The company reports basic and diluted Earnings per share in accordance with accounting standard 20 "Earning per Share". Basic earnings per share are computed by dividing the net profit or loss after tax for the year by the weighted average number of equity shares outstanding during the year. Diluted earnings per shares outstanding during the year by the weighted average number of equity shares outstanding during the year as adjusted for the effects of all dilutive potential equity shares except where the result are anti - dilutive.

O. CASH AND CASH EQUIVALENTS:

Cash and cash equivalents for the purposes of cash flow statement comprise cash at bank and short-term investments with an original maturity of three months or less.

P. Pre-operative Expenditure:

Pre-operative Expenditure incurred for expansion project including specific financial cost till commencement of commercial production, attributable to fixed assets are capitalized.

3. RELATED PARTY DISCLOSURES:

The Company has not any transaction of a material nature with the promoters, Directors of management, their subsidiaries or relatives that may have potential conflict with the interest of the company at large. The register

of contacts containing the transaction in which Directors are interested in place before the board regularly for it approval.

The Company confirms that none of the transactions, if any, with the related parties was in material conflict with the interest of the Company.

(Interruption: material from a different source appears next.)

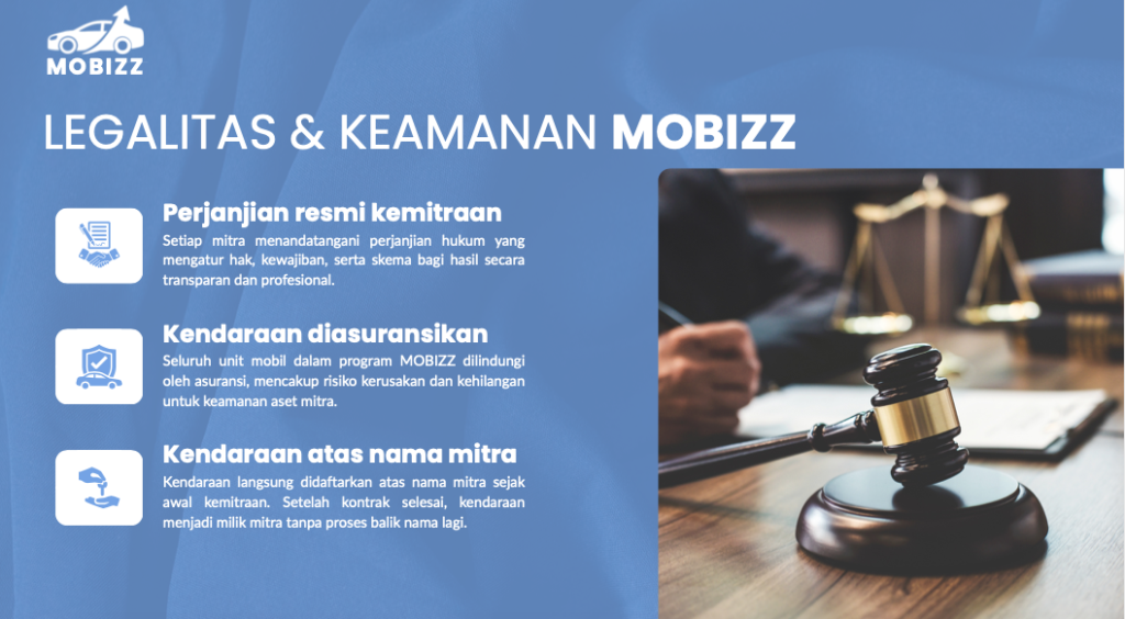 MOBIZZ hadir sebagai jalan kemitraan di bisnis rental mobil, memberi Anda kesempatan punya usaha tanpa ribet ngurus operasional sehari-hari. Dengan sistem yang terbukti dan manajemen profesional, kami bantu Anda langsung terjun ke dunia otomotif dengan lebih mudah.

4. In the opinion of the Board of Directors, the current assets, loans and advances would realize not less than the value stated if realized in the ordinary course of business. The provision for all known liabilities is adequate and reasonably estimated.

5. The Company has not received any memorandum (as required to be filled by the suppliers with the notified authority under Micro, Small and Medium Enterprise Development Act, 2006) claiming their status during the year as micro, small or medium enterprises. Consequently, there are no amounts paid/ payable to such parties during the year.

6. Previous year figures have been regrouped /rearranged wherever necessary to correspond with the current year's classifications/disclosure.

7. The Company is operationally and financially fully supported by its promoter companies. In view of the Company's long term business projections and promoter's commitment to the business by providing for necessary funds as and when need arises, the financial statements have been prepared on a going concern basis.